Evers was a gangly kid from Troy who was plucked from a minor league field in that city by a desperate Chicago scout, rushed down to Philadelphia to join the visiting Cubs as a last-minute replacement for a bum-legged shortstop and rather loosely outfitted (the 19-year-old Evers weighed only 115 pounds) for his first big league action—a doubleheader—that same day, Labor Day, 1902.

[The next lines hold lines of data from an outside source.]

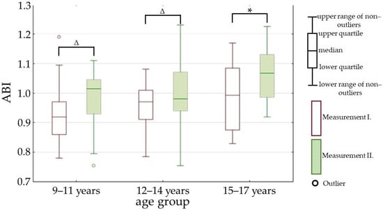 Ankle-brachial index (ABI) in measurements I. and II. Measurement I.—at the beginning of the one-month stay in the children’s hospital; measurement II.—at the end of the one-month stay in the children’s hospital; *—p value is less than 0.01; Δ—p value is less than 0.05; p value—statistical evaluation of the differences between the measurements I. and II., Wilcoxon signed-rank test (paired test).
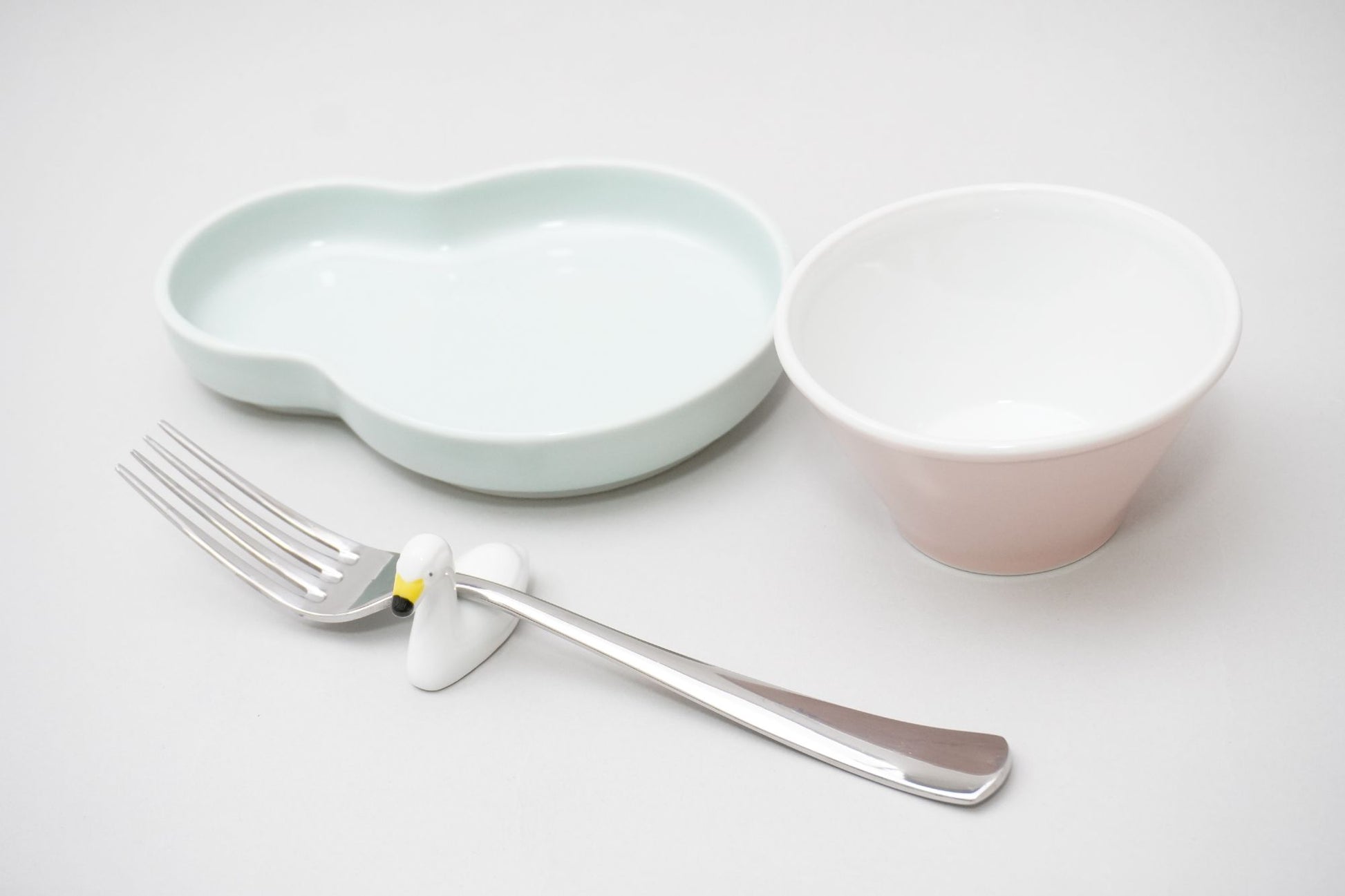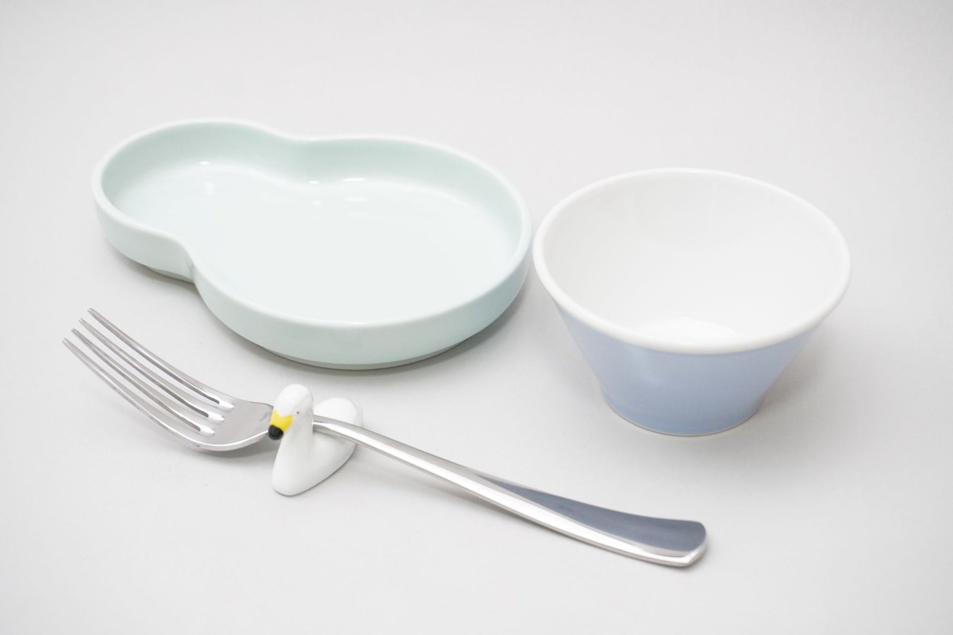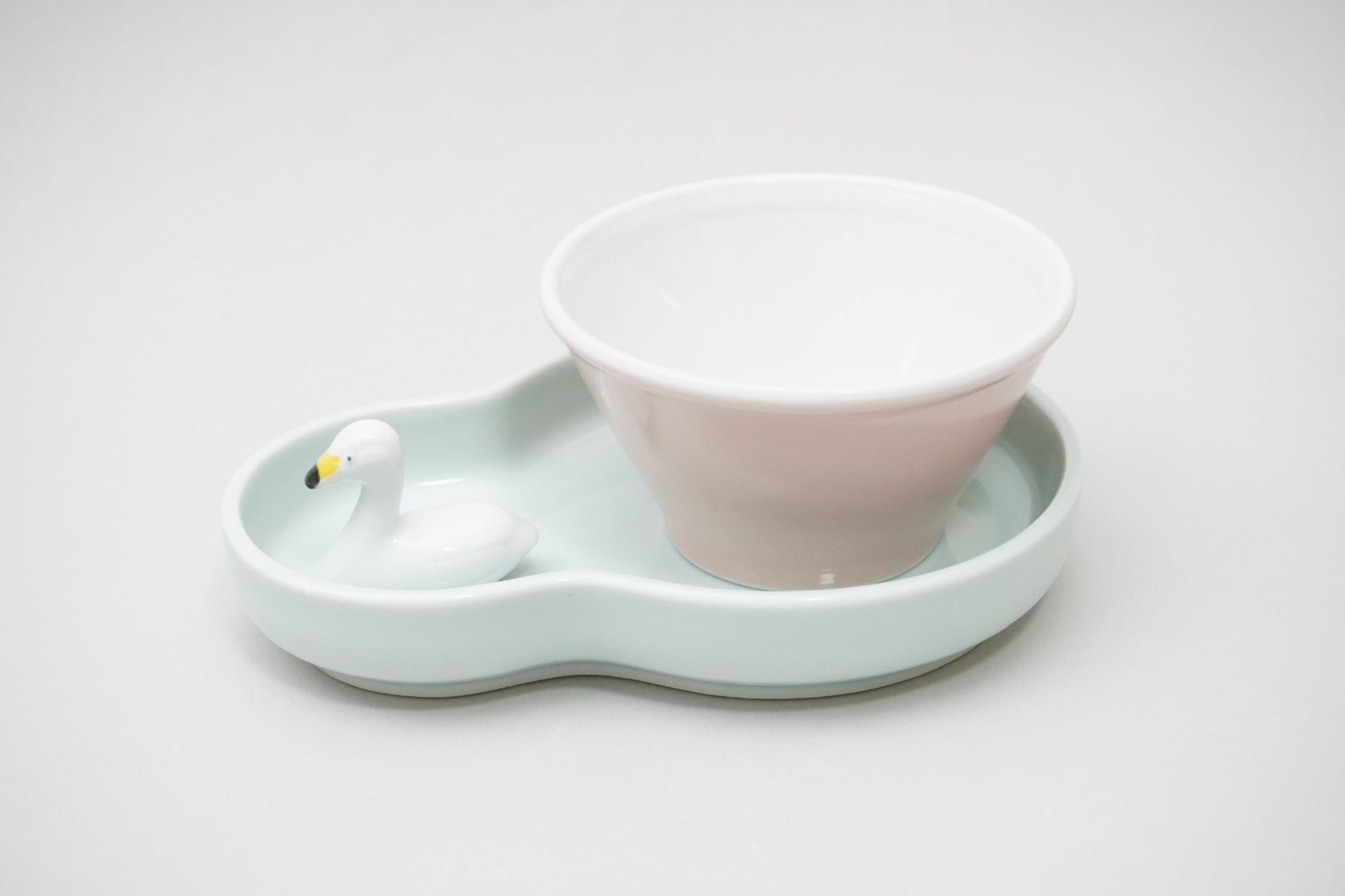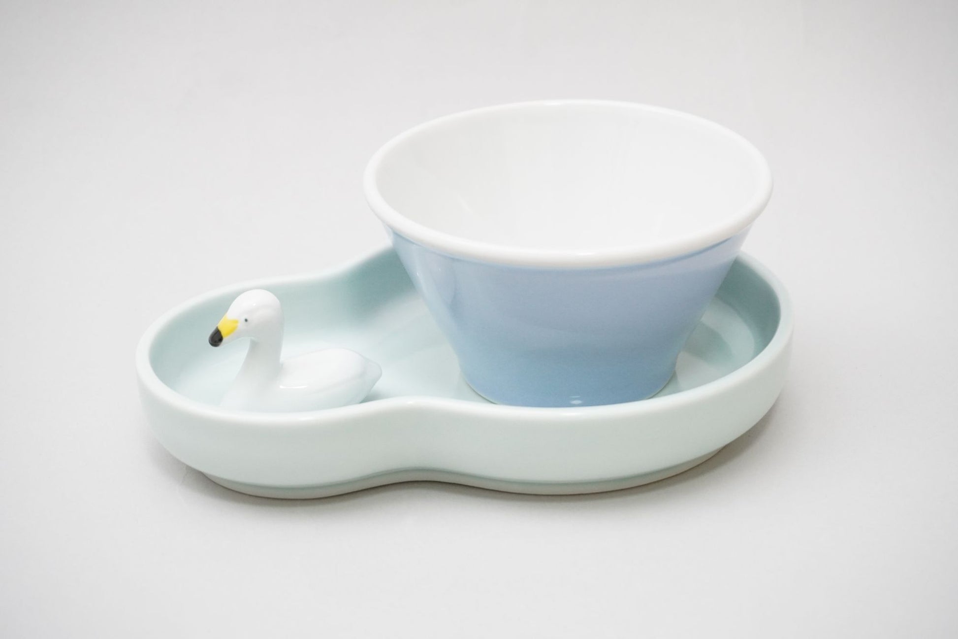 山型のボウルにひょうたん池のプレート、そこにちょこんと浮かぶスワンのレスト。パステルカラーが可愛らしい、眺めるだけで心が弾むキッズセットです。
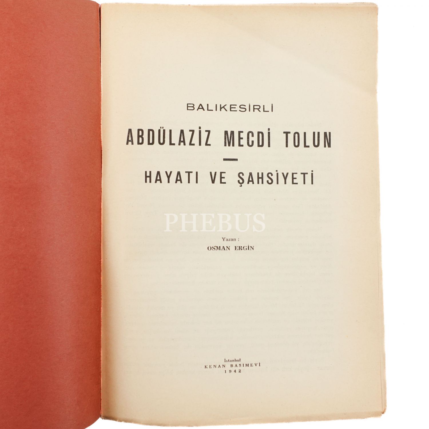 BALIKESİRLİ ABDÜLAZİZ MECDİ TOLUN HAYATI VE ŞAHSİYETİ, Osman Ergin, 1942, Kenan Basımevi, 340 sayfa, 18x26 cm...
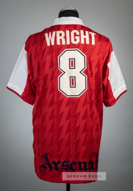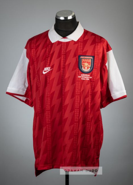 Ian Wright red Arsenal UEFA European Cup Winners' Cup Final No.8 jersey v Zaragoza, played at Parc des Princes Paris, 10th May 1995,Nike, short-sleeved with THE GUNNERS club crest badge, embroidered EUROPEAN CUP WINNERS CUP FINAL 1995, reverse lettered WRIGHT and ARSENAL, size XL, bears signs of dirt and discolouration on white collar and white number 8 on reverseZaragoza defeated Arsenal 2-1.
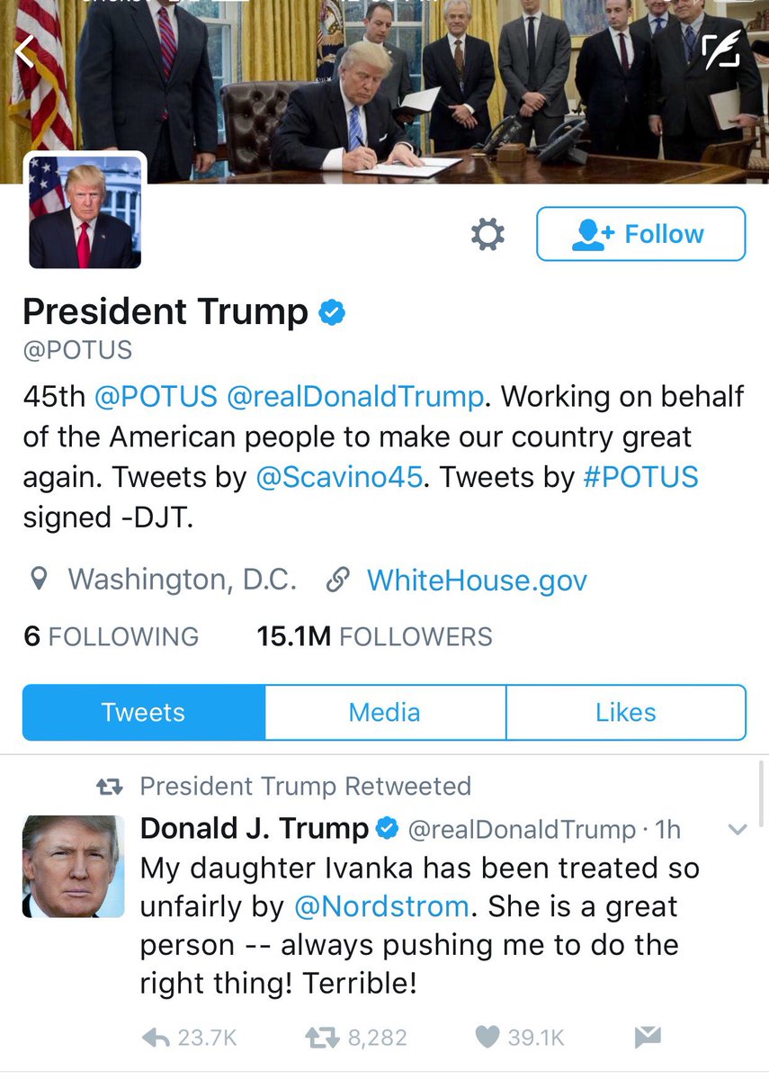 @realDonaldTrump uses an Presidential account to push personal issues.@POTUS#GhostOfNoNation pic.twitter.com/9HB8djKNFa
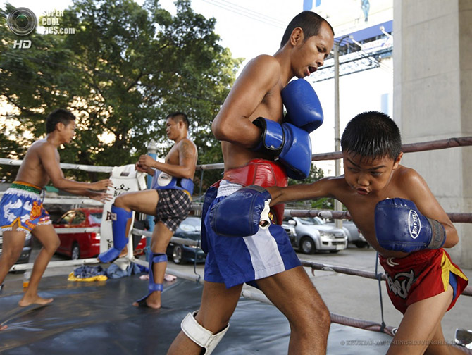 Таиланд. Бангкок. 20 марта. Девятилетний Танапонг «Рэмбо» Унпуанг разогревается перед спаррингом.

If his new teammates laughed at the sight of the scrawny little Irish kid in his man-sized uniform—they did laugh and the beleaguered scout protested, “It was the best I could do on short notice”—they wouldn’t be laughing for long. Evers (pronounced with the first “e” long) was as determined a player as baseball had ever seen. The scrappy but unlikely athlete who came up on Collar City sandlots gritted his teeth and scrapped his way into the Baseball Hall of Fame.
That first day, the story goes, his fellow Cubs were so sure that he wouldn’t make it in the majors that they wouldn’t let him ride on the team bus for the return trip to the hotel. (He climbed on top of the bus and rode there.) In short order, however, the double play combination of Tinker-to-Evers-to-Chance, following Evers’s move to second base, became possibly the most formidable and certainly the most famous two-away combo in the history of baseball.
Glenn Dickey, author of The History of National League Baseball Since 1876, thought that the trio’s fame owes more to hype than hustle, though. In 1910, the famed sports writer Franklin Pierce Adams tagged his column in the New York Mail one day with eight lines of doggerel, before rushing out to the Polo Grounds to root for his native town’s Cubs in a contest with the—for Adams—loathsome New York Giants.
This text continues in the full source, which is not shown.